Consolidating Reinforcement Learning for Multimodal Discrete Diffusion Models
Tianren Ma, Mu Zhang, Yibing Wang, Qixiang Ye
TL;DR
This work tackles the difficulty of reward-based learning in discrete diffusion models for multimodal generation. It introduces MaskGRPO, a modality-aware extension of Group Relative Policy Optimization that combines a clarified DDM foundation with a low-variance importance estimator and rollout adaptations tailored to language and vision. The approach delivers substantial RL gains on language reasoning benchmarks and improves text–image alignment and visual fidelity, approaching the performance of leading diffusion systems in discrete settings. By demonstrating stable, efficient policy updates and strong multimodal generation, MaskGRPO paves the way for practical reward-driven learning in discretized visual diffusion and multimodal RL.
Abstract
Optimizing discrete diffusion model (DDM) with rewards remains a challenge: the non-autoregressive paradigm makes importance sampling intractable and rollout complex, puzzling reinforcement learning methods such as Group Relative Policy Optimization (GRPO).
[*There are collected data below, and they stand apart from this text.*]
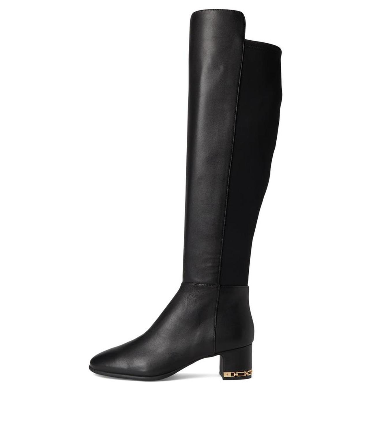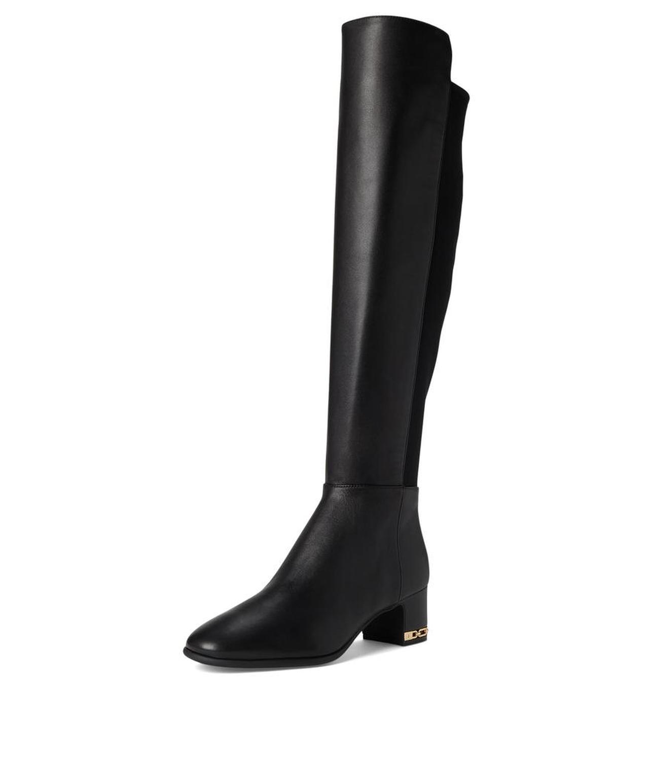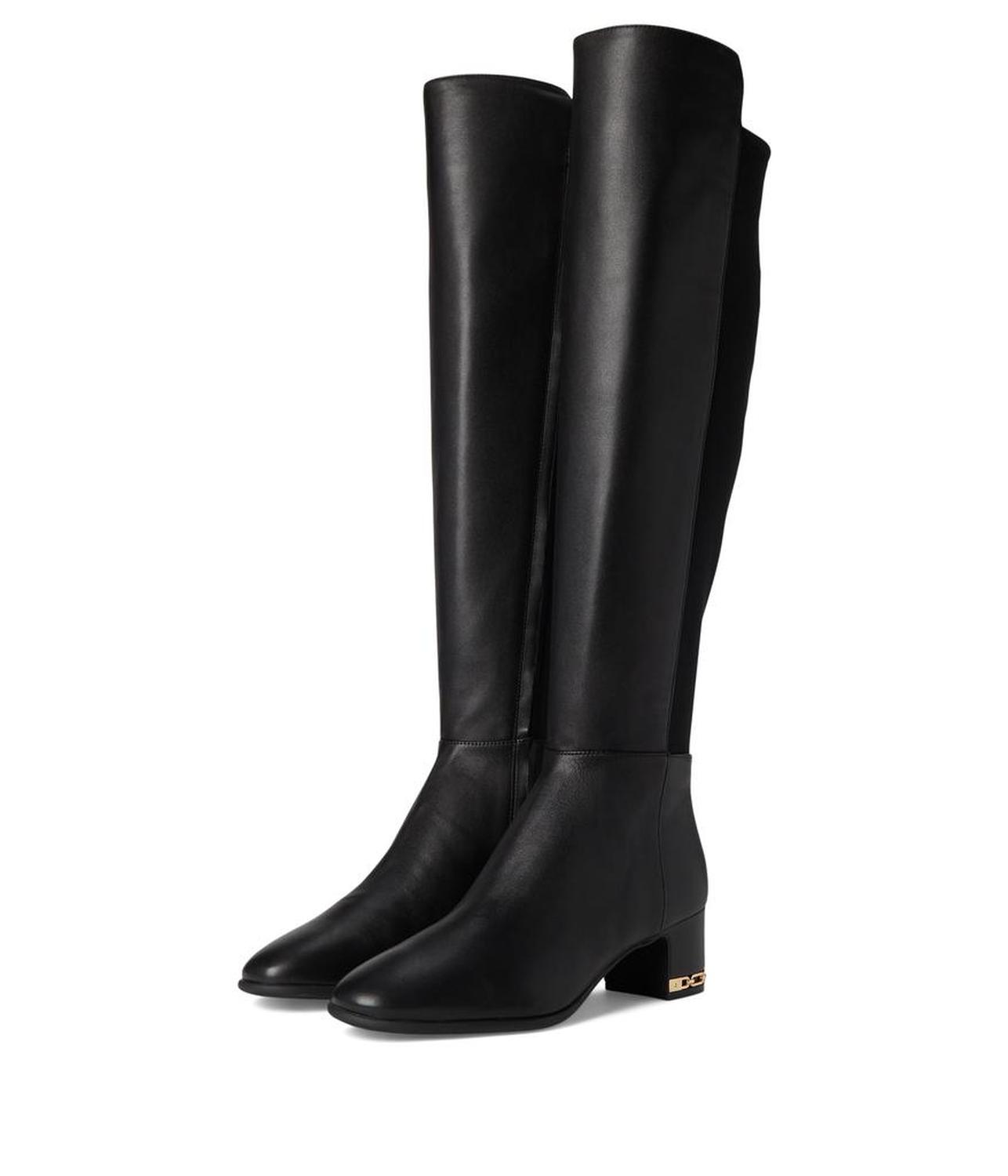 The MICHAEL Michael Kors® June Flex Boots are designed with comfort in mind, from flex construction to extra cushioned insoles detailed with elevated empire chain hardware on the heel, adding a sophisticated touch. The long boots have a leather upper, polyester lining, extra-padded socks, and block heels.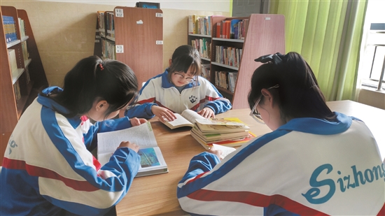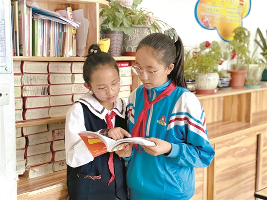 圖為課外時間,貢吉(左)與好朋友分享閱讀過程中看到的經(jīng)典語句。 拉薩融媒記者 靳敏攝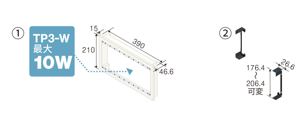 ・扉なし壁用端子盤フレーム ・TP3-Wプレート用 ・TP3-W最大10W
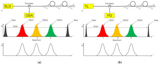 Multiplexing FBGs to achieve DOFSS: (a) using spectral receiver detection; (b) using spectral source detection.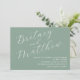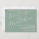 Sage minimalist photo wedding invitation with simple elegant calligraphy script for bride and groom's names.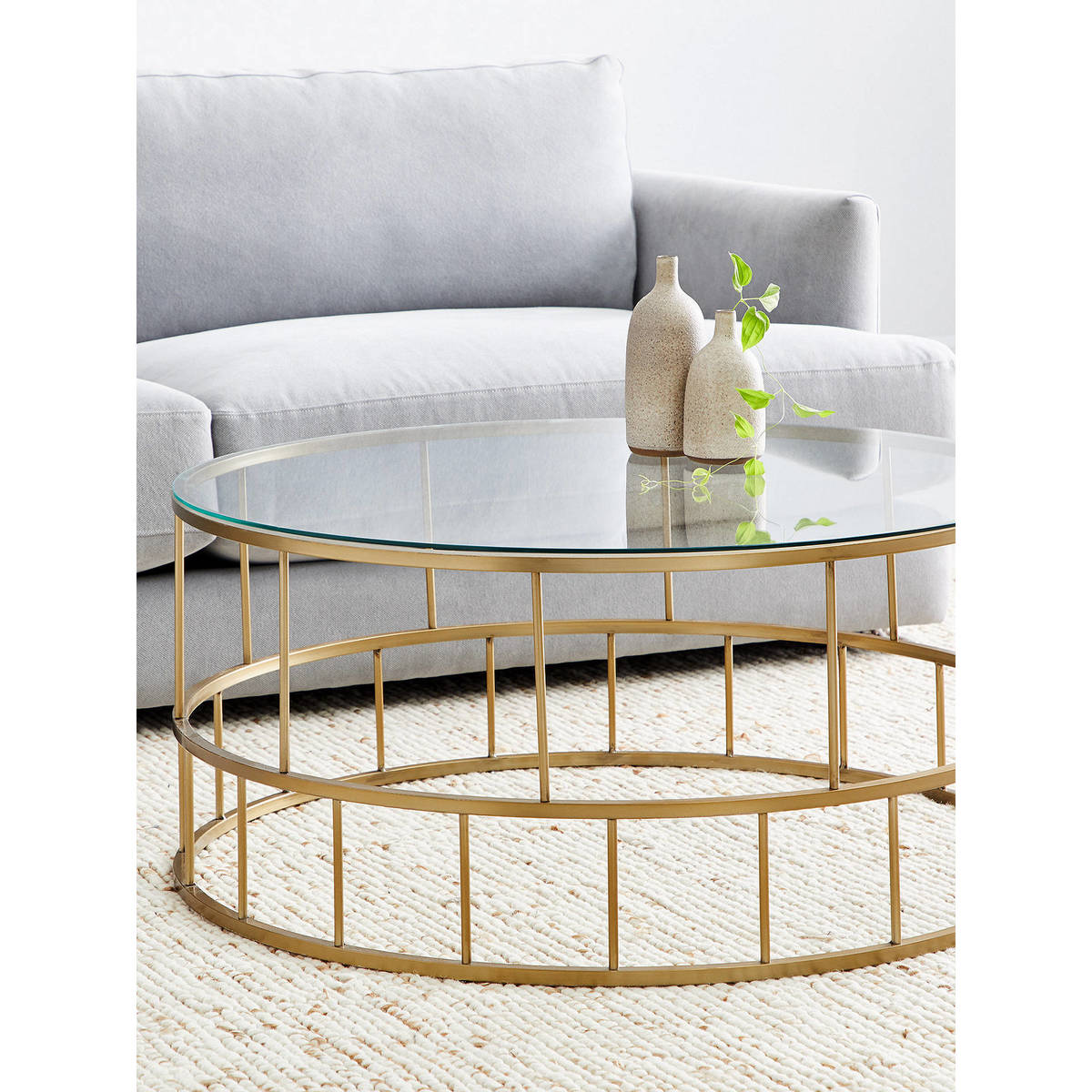 With its minimalist frame and robust glass surface top, the Deco coffee table from west elm will make an impressive centre-piece in your living space. Its rounded profile is crafted from metal into a lattice-style silhouette and topped with a thick layer of clear glass.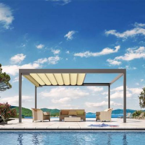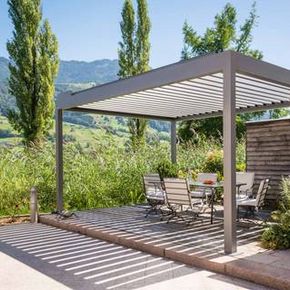 Bavona HARD-TOP mit variabel neigbaren Aluminium-Lamellen für perfekten Schutz gegen Sonne und Regen.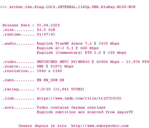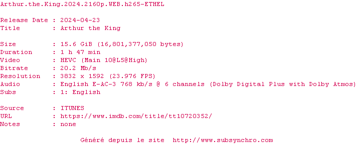 Voir le nfo de la release Arthur.The.King.2024.2160p.WEB.H265-ETHEL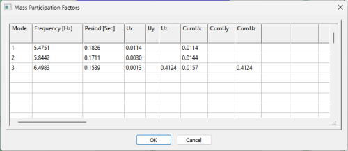 Users can view and copy this data from the Mass Participation Factors dialog window to their own spreadsheets. The Mass Participation Factors dialog window lists the Frequency, Period, and Mass Participation factors for each Mode.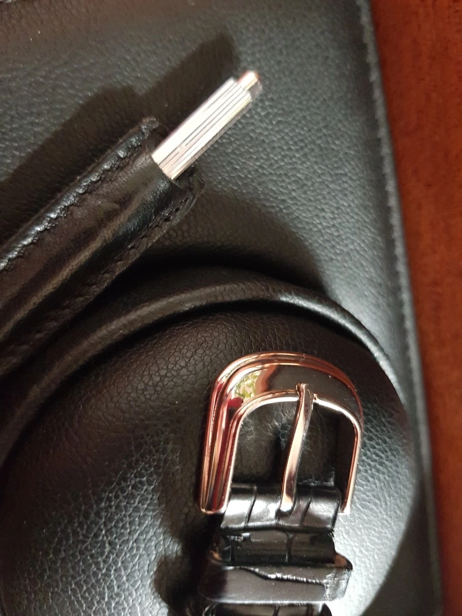 Strap: Black Franck Muller alligator leather strap with matching signed white gold pin buckle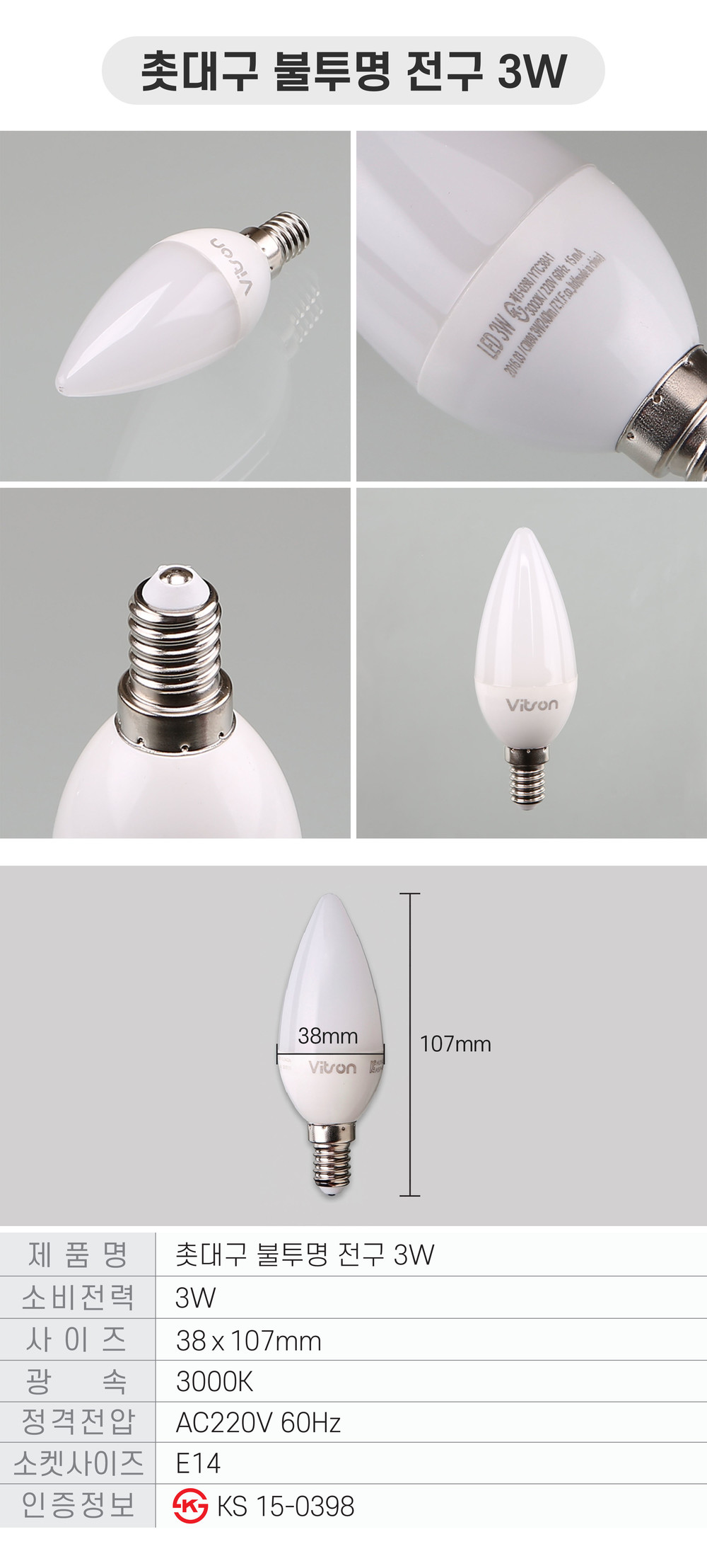 LED 꼬마 전구 미니 크립톤 촛대 램프 촛대구 E14 타입 전용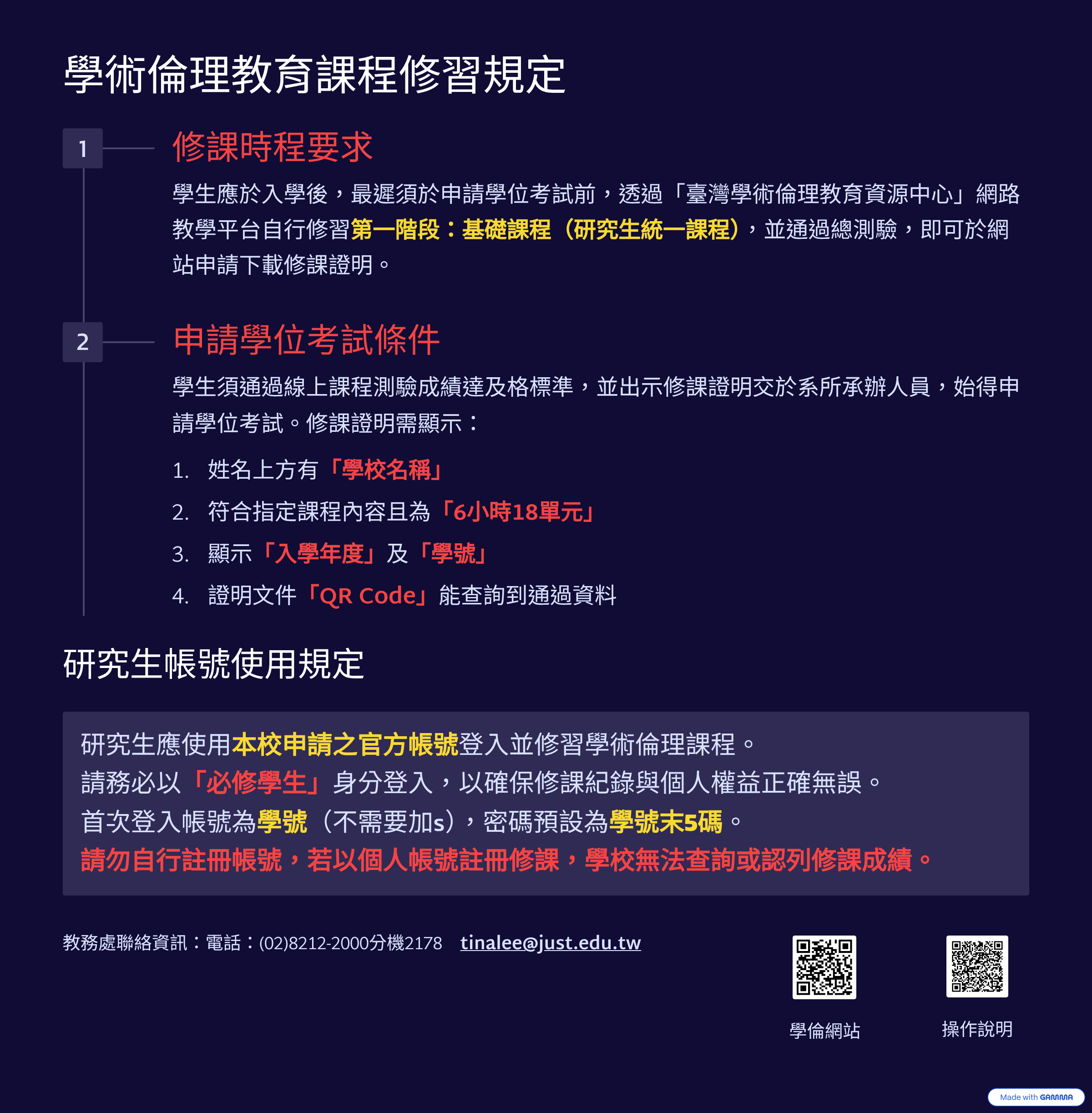 (重要~請研究生留意)學術倫理教育課程修習規定

In this study, we introduce MaskGRPO, the first viable approach to enable scalable multimodal reinforcement learning in discrete diffusion with effective importance sampling and modality-specific adaptations. To this end, we first clarify the theoretical foundation for DDMs, which facilitates building an importance estimator that captures valuable token fluctuation for gradient updates. We then delicately tailored the rollout method for visual sequences, which yields diverse completions and reliable optimization gradients. Upon math reasoning, coding, and visual generation benchmarks, MaskGRPO brings more stable and efficient updates, leading to stronger reasoning performance and better generation quality. This study establishes MaskGRPO as a systematic policy optimization approach and the first practical way for discretized visual diffusion.